Tall Tales A Smidge Before Scott Beauchamp

…that were treated as gospel.

It is one of the most remarkable—and enduring—statistics about the way men fight war: in combat no more than a quarter of fighting men, even disciplined and well-trained soldiers, will fire their weapons. The claim, first made by military historian S.L.A. Marshall in his 1947 book, “Men Against Fire,” has become accepted wisdom.

The questions (and artistic license excuse) sound familiar…

…Why would Marshall make up such a thing? Marshall was “by professional upbringing and temperament a journalist above all,” wrote Spiller.

…as does the action-hero resume.

…Marshall claimed to have led men in combat in World War I. Apparently, that too was fiction. Marshall’s regiment in World War I was behind the lines, involved in road work and building delousing stations. Leinbaugh discovered records of Marshall’s unit, which include such stirring reports as

1 mule killed by kick from mule. Drop from rolls.

He has finally been exposed, appropriately enough, as a louse toiling in the company of asses. I guess no one ever listens to the guys who were actually doing the fighting…

…The only real skeptics at the time were a few of the soldiers whom Marshall profiled in his histories, like “The Men of Company K.” Asked one old Company K sergeant, “Did the SOB think we clubbed the Germans to death?”

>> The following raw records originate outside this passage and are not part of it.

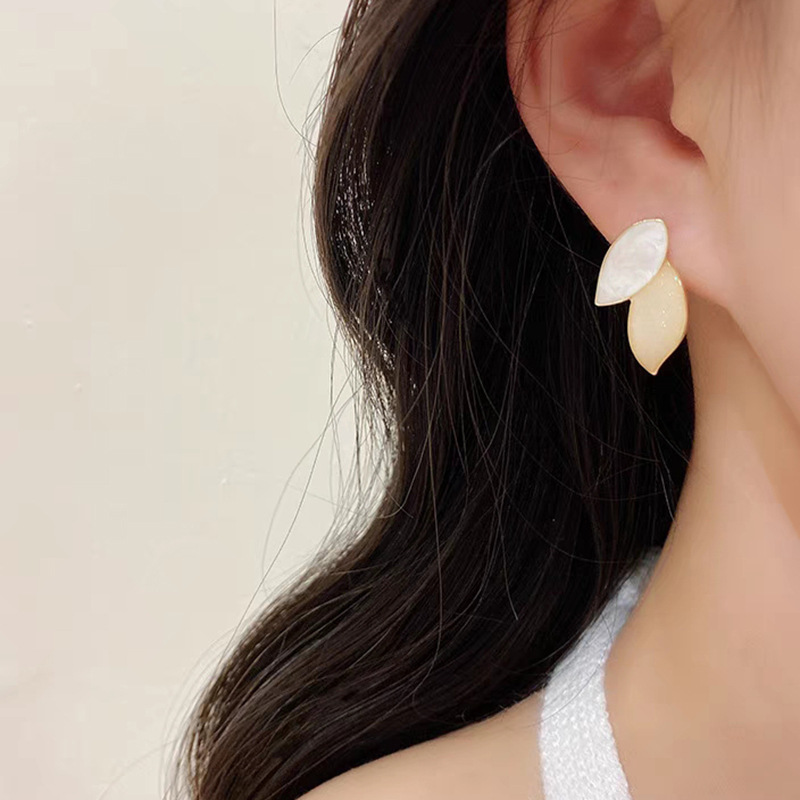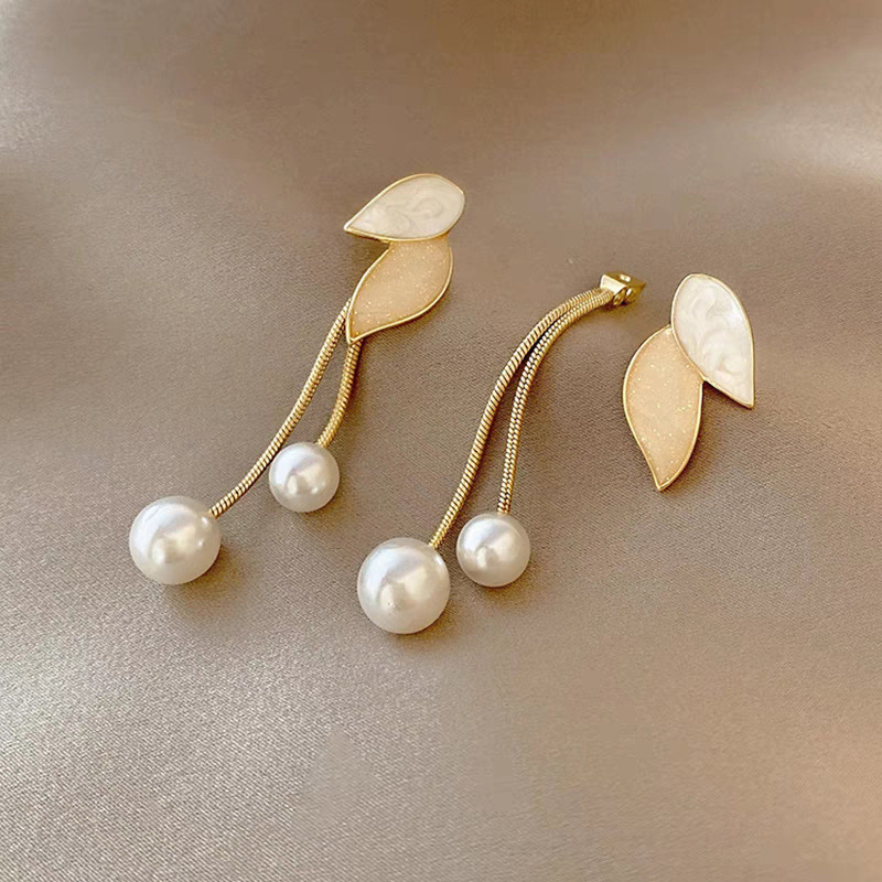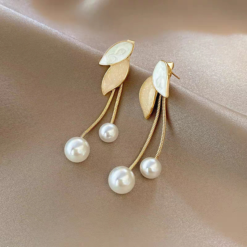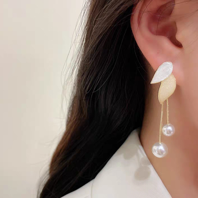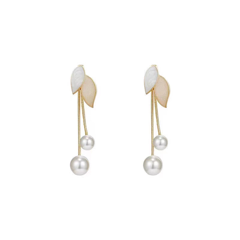 JU-C0028法式夏季新款树叶珍珠流苏耳环女清新叶子滴油气质耳钉潮长款耳饰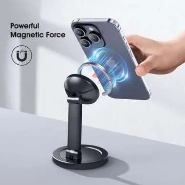 ABSKRYO Magnetic Phone Stand for Desk Mag-Safe Phone Holder Adjustable Angle Phone Stand with 360° Rotation Folding Cell Phone Stand Compatible with iPhone 16 15 14 13 12 Series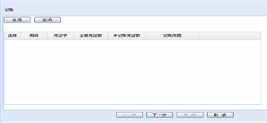 【第三步】选中记账范围后点击〖下一步〗,系统进入记账向导第二步,显示需要记账的凭证列表,如下图所示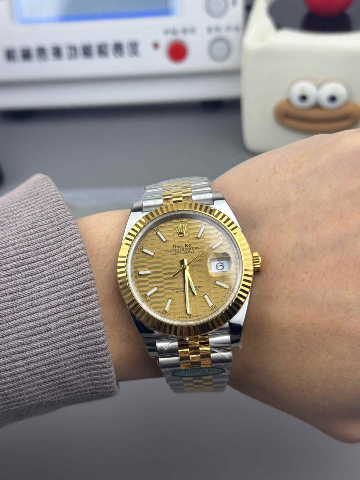 The 41mm size of the Clean Factory 126333-0022 matches the proportions of the genuine Rolex Datejust 41. The curved lugs, polished sides, and brushed surfaces all align with factory-level finishing standards. On the wrist, it offers a perfect blend of modern presence and classic shape.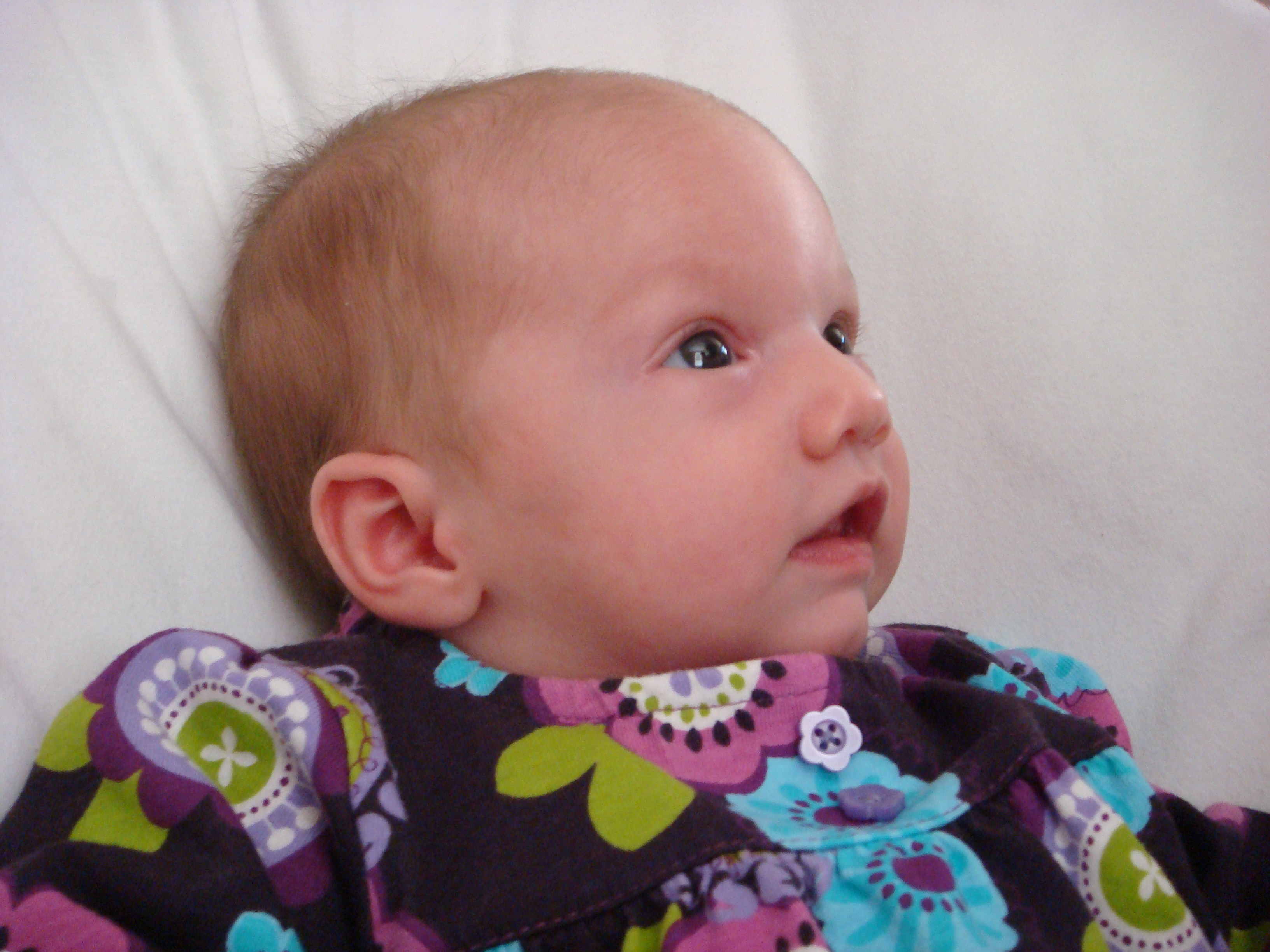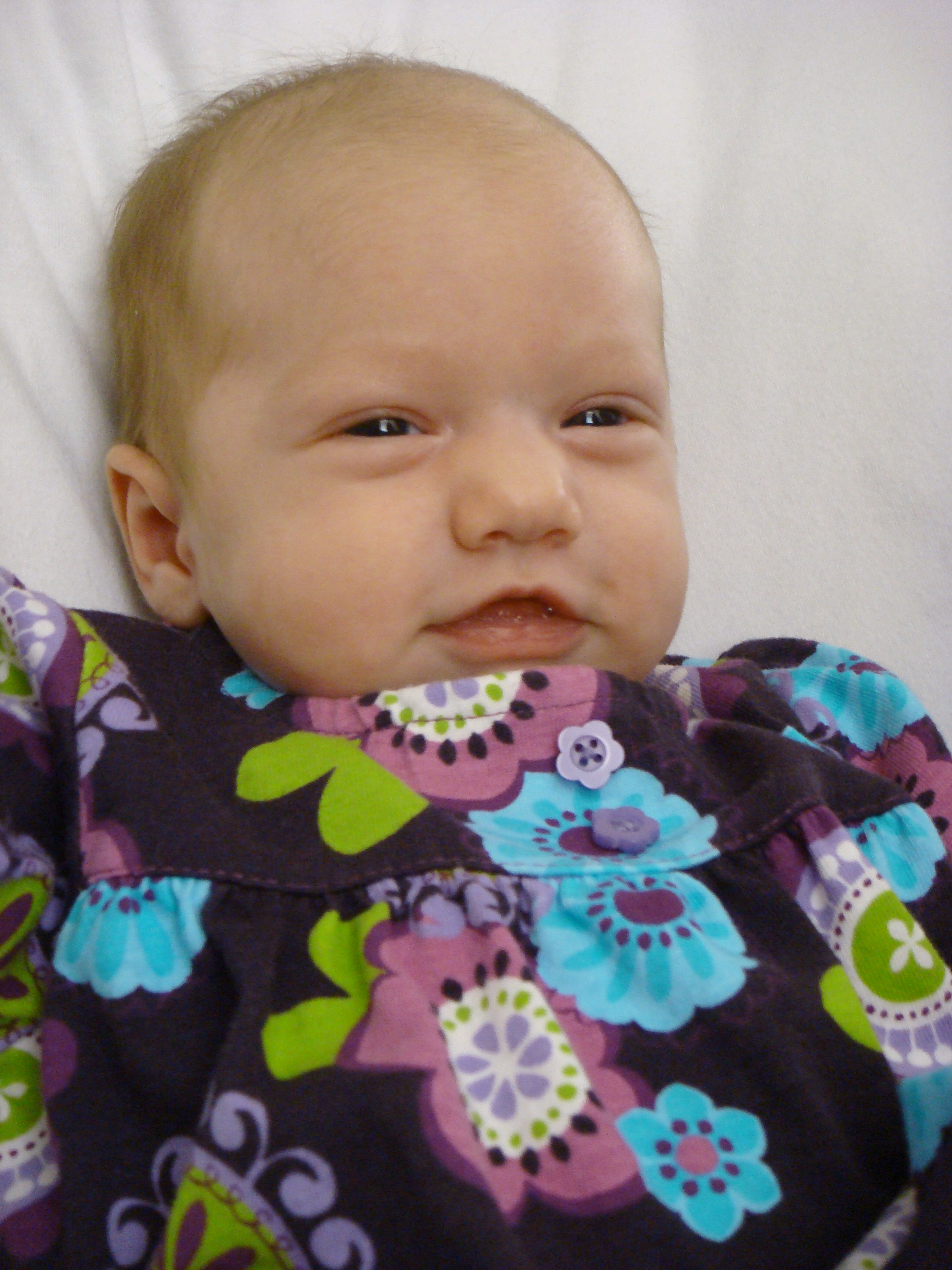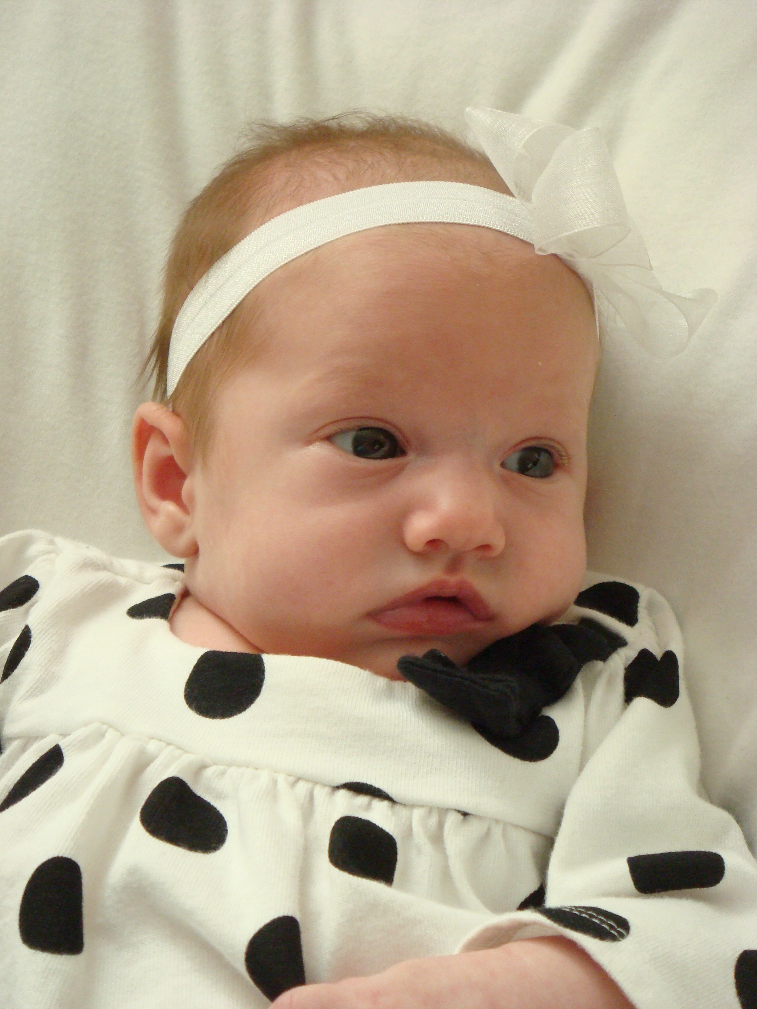 I was just looking at the first pictures you put up of her and it's amazing how quick and how much they change! She's already approaching her 2nd month mark - WOW! I can't remember what size that little dress was that I sent you but I can't wait to see it on her. Like I said before, I know it might be the wrong season for it, but maybe you could just put it on her and take a picture of her so I can see it - when it fits of course. I sure wish Haven didn't scream most of the time when I put clothes on her...

4 Responses to “Tall Tales A Smidge Before Scott Beauchamp”

  1. Skyler says:

    I’m getting very angry. I’m supposed to be studying for a final but you inconsiderate people keep putting fascinating stuff on the internet. Will someone PLEASE turn the internet off?
    I know the USMC puts a lot of faith in SLAM, and I dutifully read “Soldier’s Load and the Mobility of a Nation.”
    I found it written without much to make it credible. I never believed his ideas about people being so slow and tired when marching toward battle. Now that it is revealed that he was in a logistics outfit, it makes sense.
    Morale is higher the closer you get to the shooting. There is a focus that gets sharper as you near the point of the spear and gets fuzzier as you get further away. Of course, this all depends on the level of hope for victory, I’m sure.
    My experience is that today’s Marines are invariably excited and eager to get to the shooting.
    The only thing I much cared for in SLAM was his insistence that men should not carry more than about 40 to 60 pounds. I think this is still good advice. The amount of weight we have to carry now is oppressive.

  2. Mr. Bingley says:

    How much does the average load-out weigh these days, Skyler? I can only imagine that all that body armor and electronic shit ain’t light…

  3. Skyler says:

    I don’t have hard numbers, but I think at least 80 pounds or more. And that’s not including a day pack.
    The sapi plates, water (always water), and ammo are pretty hefty all by themselves. Once you put that day pack in place with food and basic hygiene items, you’re getting into almost as much as I weighed when I signed up. Now imagine if it were in a cold weather environment with sleeping bag and everything else. It’s gotten absurd. We are no longer light infantry, we are heavy infantry.
    I would much prefer to forsake all armor except when in a static defensive mode or while in a vehicle. I would rather have some kind of ability to run and sprint. With all that weight you can really only waddle and jog.

  4. The_Real_JeffS says:

    I’ve heard that stress injuries to the knees, feet, and back are way up in veterans….and young troops. It was bad enough before. Now? Wow.